Les prospectus de Munich annoncent une « métropole internationale au grand cœur ». Après la phase d’adaptation à Berlin, j’étais persuadée que le slogan officiel qui ennoblissait la capitale de la Bavière pouvait s’appliquer à tout le pays. En ces temps lointains, l’Allemagne avait un grand cœur pour les animaux, pour les enfants et pour moi. Je me sentais bien accueillie – par des collègues qui m’interrogeaient sur mon pays, par des passants auxquels je demandais mon chemin pour aller à une librairie pour les femmes ou au cinéma. Ce que, en tant que personne socialisée en Amérique du Sud, je considérais comme une attitude distante ou un obstacle au contact, s’est avéré être du respect ou le souhait de mon interlocuteur de se concentrer pour réfléchir sérieusement à ceci ou à cela. La grande responsabilité et solidarité des femmes sûres d’elles qui, contrairement aux Argentines, n’attachaient aucune importance à l’épilation ou au maquillage par conviction politique, ont forcé mon admiration. Je suis restée en Allemagne, car tout ce qui m’entourait était fascinant et demandait à être appris : l’analyse critique, le respect d’autrui et le sentiment de liberté.

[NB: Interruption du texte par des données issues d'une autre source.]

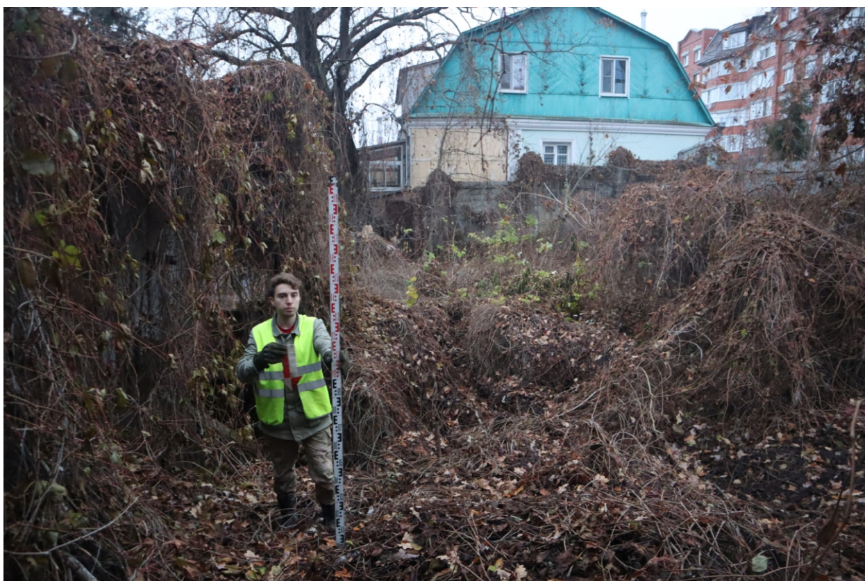
Рис. 15. Археологическая разведка в г. Курск Курской области. 2024 г. Точка фотофиксации 2. Вид с С.
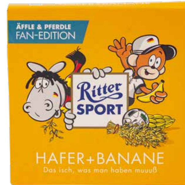
ITTER-SPORT SCHOKOLADE ÄPFLE & PFERDLE EDITION 2016, Stadtgeschichtliche Sammlung Kornwestheim
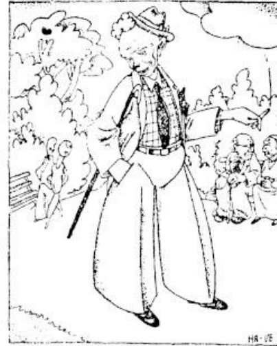
Üks, keda huvitab vaid tants, film ja mood . . .

Sakala karikatuur oma lehelugejatest. Mis uudiseid sina meedias (TikTokis) jälgid?
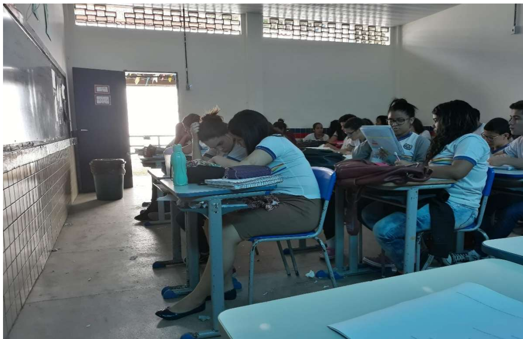
Figura 5: Grupos trabalhando nas fichas de desconstrução
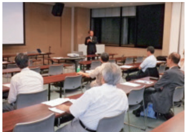
質問に答える講演者②
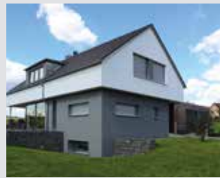
Vorbau und Unterputzkästen mit Rollläden oder Raffstore
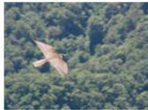
ハヤブサに出会いました。 (7月9日 矢筈ヶ山)
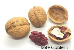
Rote Gubler 1
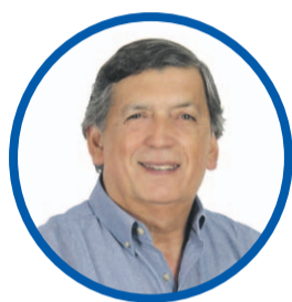
Lautaro Carmona PRESIDENTE DEL PC

“Por otro lado, Cristóbal Juliá tuvo habilidad para mostrarse como una figura independiente, desmarcándose de los partidos de derecha. Es digno
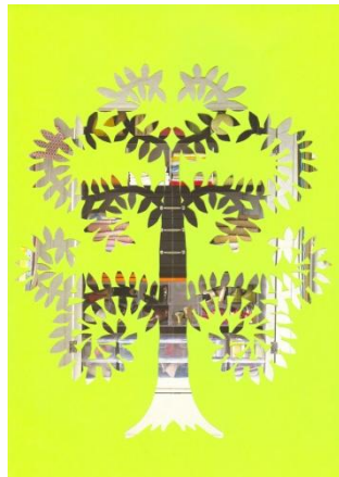
Slika 6: Prestrašeno drevo
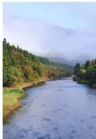
作品名：鮎里の秋 撮影場所：最上小国川（舟形町）
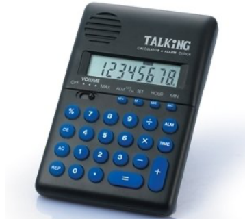
Figura 8 – Calculadora Sonora
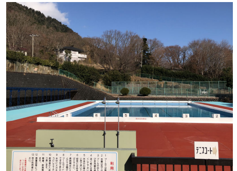
別荘地内施設 屋外プール
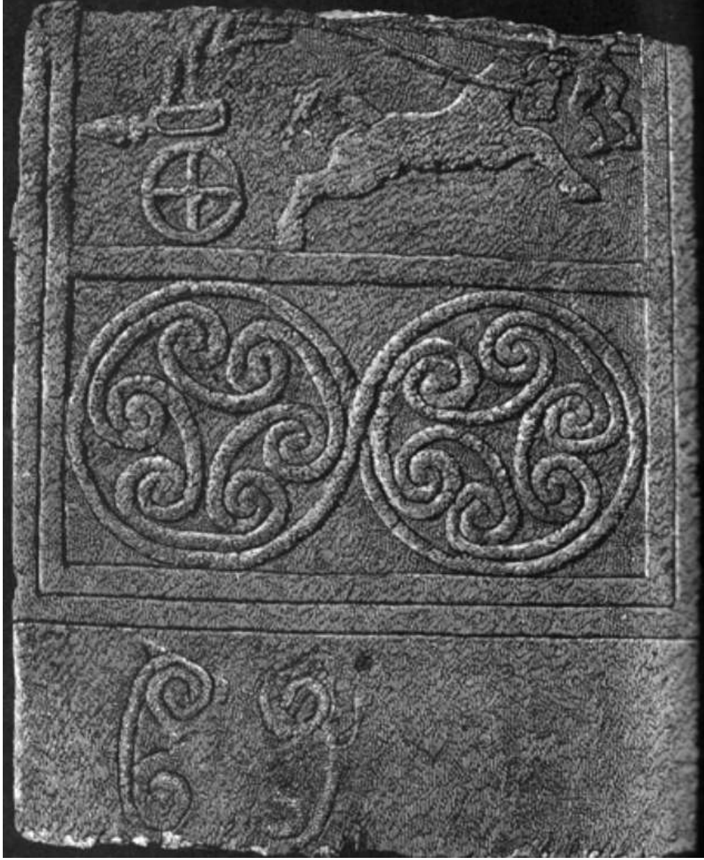
Grave V Stela 3

ولكن اللوحة التي نحن بصددھا هي غير موجود فيها أي حيوانات ولا معركة لأن أحدهما فقط يحمل سلاح، ولكن شكل مميزة لحدث مميز. ولهذا جورج مايلوناز عن اللوحة التي نتكلم عنها
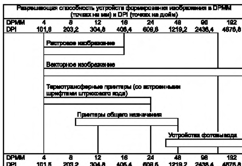
Рисунок Е.1 — Категории устройств создания изображения

Существуют устройства создания изображений, которые не относятся к указанным категориям. К ним относятся цифровые печатные машины, высокоскоростные цифровые печатные машины непрерывного действия, оборудование для прямой печати на печатную форму и устройства печати, регулирующие соотношения скорости подачи и скорости печати или движения игл при контактной печати с целью перекрытия точек. Программистам, разрабатывающим программное обеспечение для таких устройств, рекомендуется подробно ознакомиться с 4.2.1.1, 4.2.1.2 и 4.2.2.
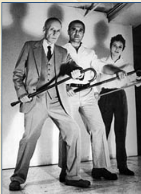
William S. Burroughs, John Giorno et Laurie Anderson, un trio d'enfer, 1981
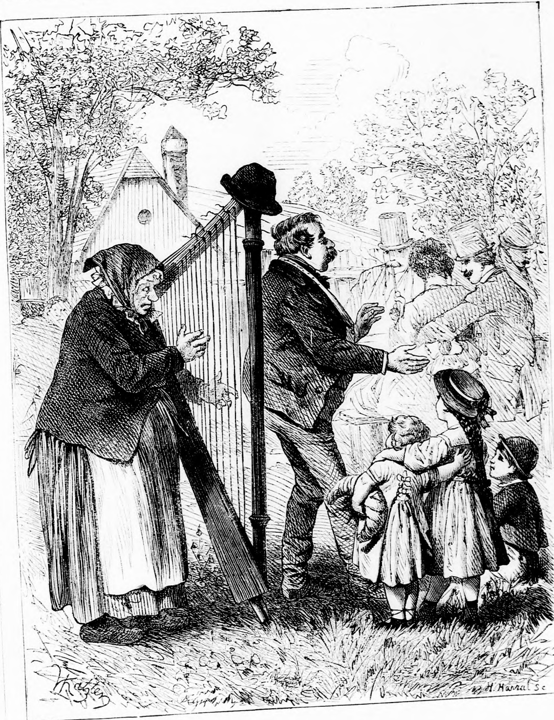
A HÁRFA. (Lásd a 407. l.)
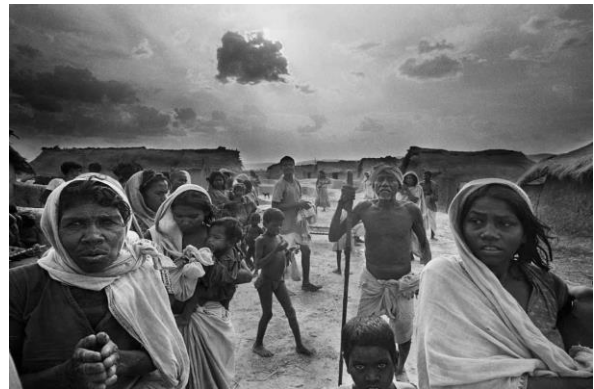
1956. Italy. Love-birds in Rome (links) | INDIA, Bihar 1967. Famine and smallpox epidemic. Villagers come out of their huts to beg for food (rechts)
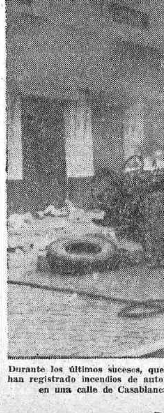
Durante los últimos sucesos, que han creado una situación dramática en el Marruecos francés, se han registrado incendios de automóviles en plena vía pública...
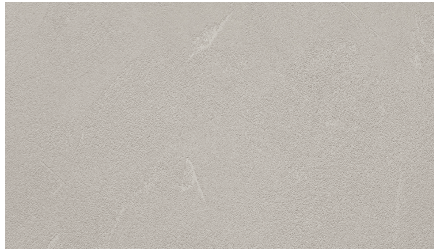
Ecomalta beton FB53
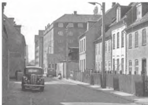
Husene i Øselsgade.

Men før hun kan vende hjem, fortsætter dagen - et par gange om ugen - med endnu nogle timers aftenarbejde, så det bliver sent inden den 10-årige Anna finder hjem i mørket. En
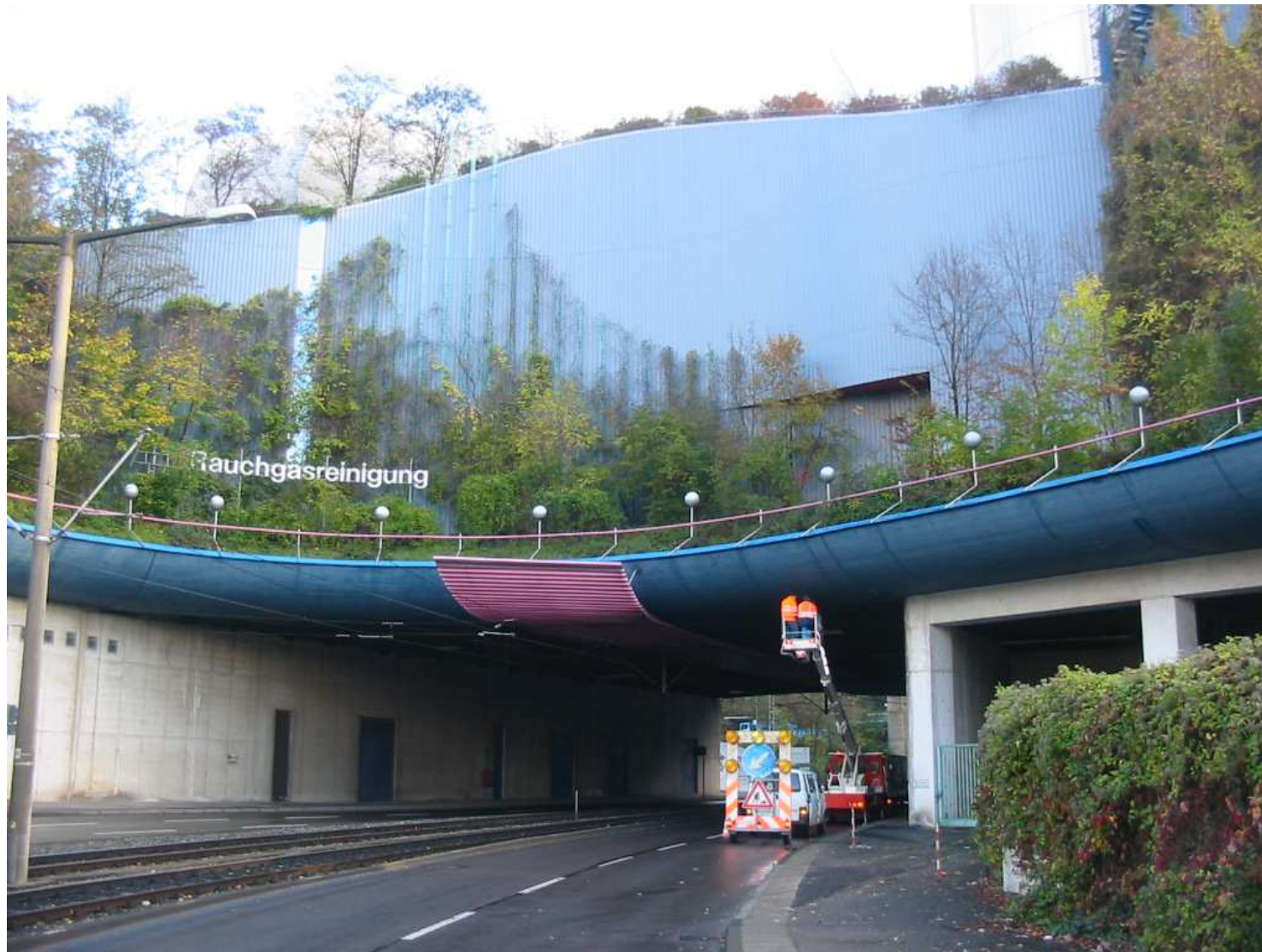
Abb. 7 Hubsteigereinsatz Prüfung Untersicht

J’ai beaucoup changé – l’Allemagne aussi. Récemment, j’ai été comme paralysée – mais autrement qu’à mon arrivée. Dans un super-marché, avec mon chariot, j’avais doublé celui d’un jeune homme et sa fille. Il m’a demandé ce qui me prenait de le doubler. « Tu n’es même pas de Berlin ! » Il me tutoyait alors qu’auparavant j’avais fait des efforts pour oublier l’habitude argentine de tutoyer. Si, entre-temps, nous négocions à grande et petite échelle l’appartenances des personnes, je suis favorable à placer les limites là où elles doivent être. J’ai vouvoyé le jeune père pour que Berlin et Munich, Dresde et Hambourg, Leipzig et Bonn restent les villes cosmopolites où les immigrés peuvent vivre et travailler - ceux qui, tout comme toi et moi, ont un grand cœur pour l’Allemagne.
María Cecilia Barbetta est née à Buenos Aires en 1972 ; elle a grandi dans le quartier d’immigrants Ballester, où se passe son roman « Nachleutchen » et où elle a fréquenté une école germano-argentine. En 1996 elle s’est installée à Berlin où elle est restée. Son premier roman « Änderungsschneiderei Los Milagros » (2008) a été récompensé, entre autres, par le prix «aspekte-Literaturpreis ». Son second roman sur la veille d’un bouleversement politique, « Nachtleuchten » (2018) lui a valu de recevoir le prix Alfred Döblin et le prix Chamisso/Hellerau. En octobre 2018, le roman s’est placé au second rang des best-sellers de la chaîne Südwestrundfunk et a été sélectionné pour le Prix du livre allemand. María Cecilia Barbetta écrit en allemand.